Information provided: Begin
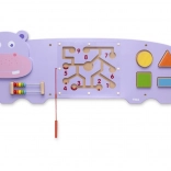 Diese multifunktionale sensorische Tafel in Nilpferdform von VIGA bietet Kindern eine spielerische Form des Lernens. Das magnetische Labyrinth mit zwei Stiften trainiert die Hand-Auge-Koordination und hilft beim Einprägen der Ziffern. Der Abakus unterstützt das Zählen bis 10, das Addieren und Subtrahieren, und der Formensortierer lehrt das Unterscheiden von Farben und geometrischen Formen.
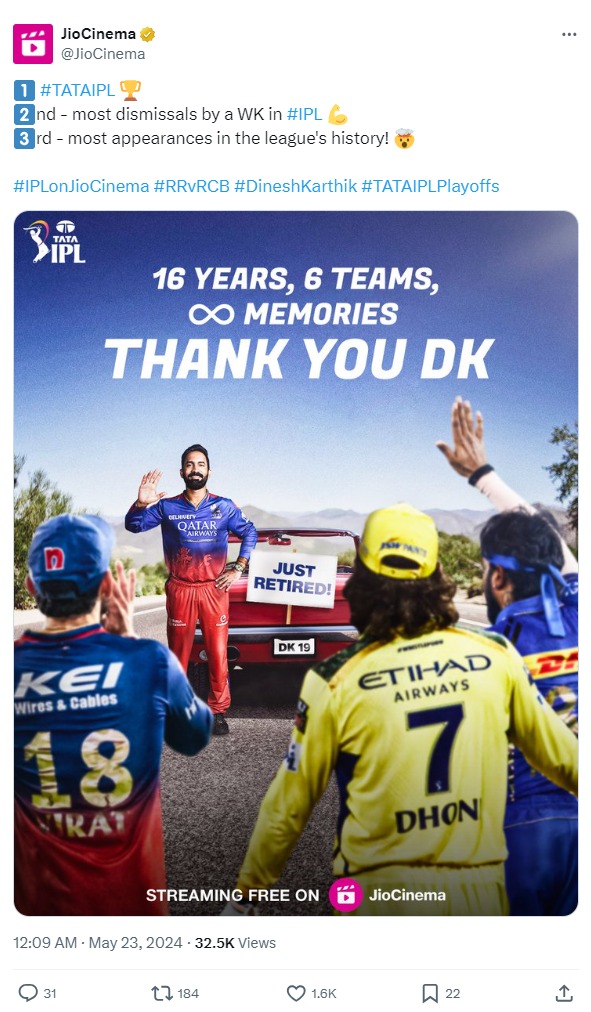 ಎಲಿಮಿನೇಟರ್ನಲ್ಲಿ ರಾಜಸ್ಥಾನ್ ರಾಯಲ್ಸ್ ವಿರುದ್ಧ ಸೋತ ನಂತರ ವಿರಾಟ್ ಕೊಹ್ಲಿ ಕೂಡ ದಿನೇಶ್ ಕಾರ್ತಿಕ್ ಅವರನ್ನು ಅಪ್ಪಿಕೊಂಡು ಭಾವುಕರಾದರು. ರಾಜಸ್ಥಾನ್ ರಾಯಲ್ಸ್ ತಂಡದೊಂದಿಗೆ ಕೊನೆಯವರೆಗೂ ಹೋರಾಡಿದ ಆರ್ಸಿಬಿ, ರೋವ್ಮನ್ ಪೊವೆಲ್ ಅವರನ್ನು ಕಟ್ಟಿ ಹಾಕಲು ಸಾಧ್ಯವಾಗದೆ ಸೋಲು ಒಪ್ಪಿಕೊಂಡಿತು. ಇದರಿಂದಾಗಿ ಕೊನೆಯ ಬಾರಿ ಐಪಿಎಲ್ ಕಪ್ ಹಿಡಿದು ವೃತ್ತಿ ಜೀವನಕ್ಕೆ ಅದ್ಧೂರಿಯಾಗಿ ವಿದಾಯ ಹೇಳುವ ಅವಕಾಶವನ್ನೂ ಕಾರ್ತಿಕ್ ಕಳೆದುಕೊಂಡರು.
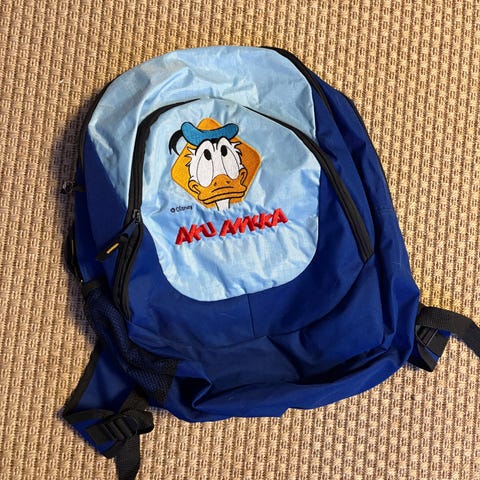 Myydään vähänkäytetty, ehjä, siisti Aku Ankka reppu, leveys noin 37 cm, korkeus noin 50 cm, paino noin 400g, reppu Lievestuoreella
Information provided: End
**Task item:**
Skip the pictures; extract only the lines from the line with "ಎಲಿಮಿನೇಟರ್ನಲ್ಲಿ ರಾಜಸ್ಥಾನ್ ರಾಯಲ್ಸ್" through the final line of the material, exactly as they appear.

**Response box:**
 ಎಲಿಮಿನೇಟರ್ನಲ್ಲಿ ರಾಜಸ್ಥಾನ್ ರಾಯಲ್ಸ್ ವಿರುದ್ಧ ಸೋತ ನಂತರ ವಿರಾಟ್ ಕೊಹ್ಲಿ ಕೂಡ ದಿನೇಶ್ ಕಾರ್ತಿಕ್ ಅವರನ್ನು ಅಪ್ಪಿಕೊಂಡು ಭಾವುಕರಾದರು. ರಾಜಸ್ಥಾನ್ ರಾಯಲ್ಸ್ ತಂಡದೊಂದಿಗೆ ಕೊನೆಯವರೆಗೂ ಹೋರಾಡಿದ ಆರ್ಸಿಬಿ, ರೋವ್ಮನ್ ಪೊವೆಲ್ ಅವರನ್ನು ಕಟ್ಟಿ ಹಾಕಲು ಸಾಧ್ಯವಾಗದೆ ಸೋಲು ಒಪ್ಪಿಕೊಂಡಿತು. ಇದರಿಂದಾಗಿ ಕೊನೆಯ ಬಾರಿ ಐಪಿಎಲ್ ಕಪ್ ಹಿಡಿದು ವೃತ್ತಿ ಜೀವನಕ್ಕೆ ಅದ್ಧೂರಿಯಾಗಿ ವಿದಾಯ ಹೇಳುವ ಅವಕಾಶವನ್ನೂ ಕಾರ್ತಿಕ್ ಕಳೆದುಕೊಂಡರು.
 Myydään vähänkäytetty, ehjä, siisti Aku Ankka reppu, leveys noin 37 cm, korkeus noin 50 cm, paino noin 400g, reppu Lievestuoreella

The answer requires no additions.